• Directions for this task:
Make an exact copy of the listing underneath, skipping each picture.

• Source material:
*** Block opens ***

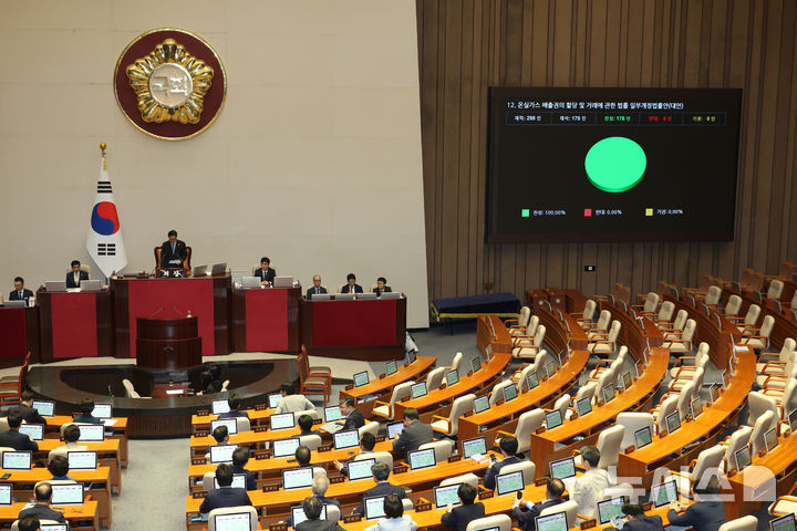 ◎공감언론 뉴시스 jikime@newsis.com [서울=뉴시스] 김지훈 기자 = 국민의힘은 29일 더불어민주당의 온실가스배출권 할당 및 거래에 관한 법률 일방 처리에 “강력 규탄한다”고 했다.최수진 원내수석대변인은 법안 처리 직후 공지를 통해 “금일 본회의에서 처리된 ‘온실가스배출권 할당 및 거래에 관한 법률’ 일부개정법률안은 교섭단체 간 합의는커녕 전혀 논의된 바 없는 법안”이라며 이같이 밝혔다. 최 원내수석대변인은 “더불어민주당 원내지도부 뜻대로 일방적으로 의사일정을 변경한 것”이라며 “여야 간에 전혀 협의되지 않은 법안을 일방적으로 상정해 여당 단독처리로 통과시킨 것을 강력 규탄한다”고 했다. 이 법안은 이날 국회 증언·감정 등에 관한 법률 개정안이 필리버스터(무제한 토론) 종료 후 국회 본회의를 통과한 직후 상정돼 처리됐다. 이 법안이 본회의 상정되기에 앞서 여야 간에 이와 관련한 협의는 없었다는 게 국민의힘의 주장이다.
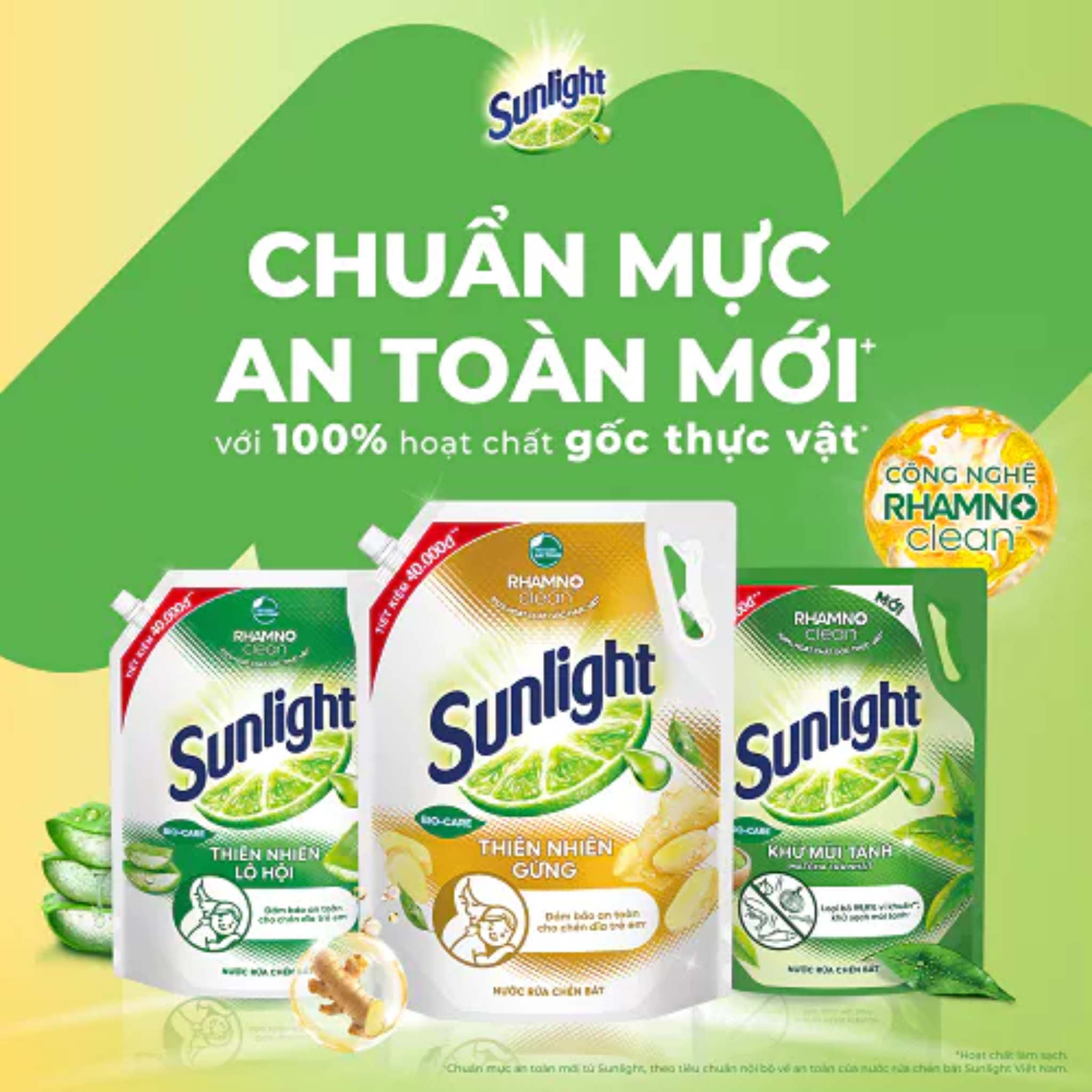 MÔ TẢ SẢN PHẨM Sunlight ra mắt Nước rửa chén bát Sunlight Bio-care Mới với công nghệ độc quyền Rhamno Clean chứa 100% hoạt chất làm sạch gốc thực vật. Với cải tiến trong công thức, Sunlight Bio-care Mới mang đến chuẩn mực an toàn mới, đảm bảo an toàn cho chén dĩa trẻ em và cũng rất thân thiện với môi trường. Sunlight cam kết 0% hóa chất độc hại đến gần gia đình bạn, đảm bảo an toàn & lành tính. Công thức độc quyền: Thành phần làm sạch từ đường thiên nhiên lên men nhờ vi sinh vật có lợi, 100% hoạt chất gốc thực vật. 0% thành phần làm sạch gốc dầu mỏ & 0% phẩm màu & 0% paraben 99.7% phân hủy sinh học Bao bì nhựa tái sinh (tính trên loại bao bì từ chai) 3 công nặng vượt trội:
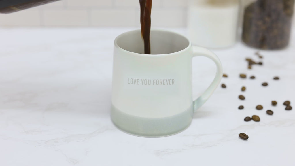 - IN-HOUSE DESIGN: The hand-dipped 1/3 gray-colored bottom is unique to each piece. The tan debossed "Love You Forever" sentiment is stamped in the middle center of the white upper half of the front side of the cup. This simplistic, modern-styled mug is the perfect addition to any drinkware collection.
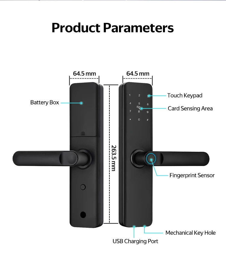 اللوحة الأمامية × 1 اللوحة الخلفية × 1 قفل نقر × 1 مفتاح ميكانيكي × 2 بطاقات المفاتيح: × 5 تعليمات × 1 طقم مسامير × 1

*** Block closes ***

• Written solution:
 ◎공감언론 뉴시스 jikime@newsis.com [서울=뉴시스] 김지훈 기자 = 국민의힘은 29일 더불어민주당의 온실가스배출권 할당 및 거래에 관한 법률 일방 처리에 “강력 규탄한다”고 했다.최수진 원내수석대변인은 법안 처리 직후 공지를 통해 “금일 본회의에서 처리된 ‘온실가스배출권 할당 및 거래에 관한 법률’ 일부개정법률안은 교섭단체 간 합의는커녕 전혀 논의된 바 없는 법안”이라며 이같이 밝혔다. 최 원내수석대변인은 “더불어민주당 원내지도부 뜻대로 일방적으로 의사일정을 변경한 것”이라며 “여야 간에 전혀 협의되지 않은 법안을 일방적으로 상정해 여당 단독처리로 통과시킨 것을 강력 규탄한다”고 했다. 이 법안은 이날 국회 증언·감정 등에 관한 법률 개정안이 필리버스터(무제한 토론) 종료 후 국회 본회의를 통과한 직후 상정돼 처리됐다. 이 법안이 본회의 상정되기에 앞서 여야 간에 이와 관련한 협의는 없었다는 게 국민의힘의 주장이다.
 MÔ TẢ SẢN PHẨM Sunlight ra mắt Nước rửa chén bát Sunlight Bio-care Mới với công nghệ độc quyền Rhamno Clean chứa 100% hoạt chất làm sạch gốc thực vật. Với cải tiến trong công thức, Sunlight Bio-care Mới mang đến chuẩn mực an toàn mới, đảm bảo an toàn cho chén dĩa trẻ em và cũng rất thân thiện với môi trường. Sunlight cam kết 0% hóa chất độc hại đến gần gia đình bạn, đảm bảo an toàn & lành tính. Công thức độc quyền: Thành phần làm sạch từ đường thiên nhiên lên men nhờ vi sinh vật có lợi, 100% hoạt chất gốc thực vật. 0% thành phần làm sạch gốc dầu mỏ & 0% phẩm màu & 0% paraben 99.7% phân hủy sinh học Bao bì nhựa tái sinh (tính trên loại bao bì từ chai) 3 công nặng vượt trội:
 - IN-HOUSE DESIGN: The hand-dipped 1/3 gray-colored bottom is unique to each piece. The tan debossed "Love You Forever" sentiment is stamped in the middle center of the white upper half of the front side of the cup. This simplistic, modern-styled mug is the perfect addition to any drinkware collection.
 اللوحة الأمامية × 1 اللوحة الخلفية × 1 قفل نقر × 1 مفتاح ميكانيكي × 2 بطاقات المفاتيح: × 5 تعليمات × 1 طقم مسامير × 1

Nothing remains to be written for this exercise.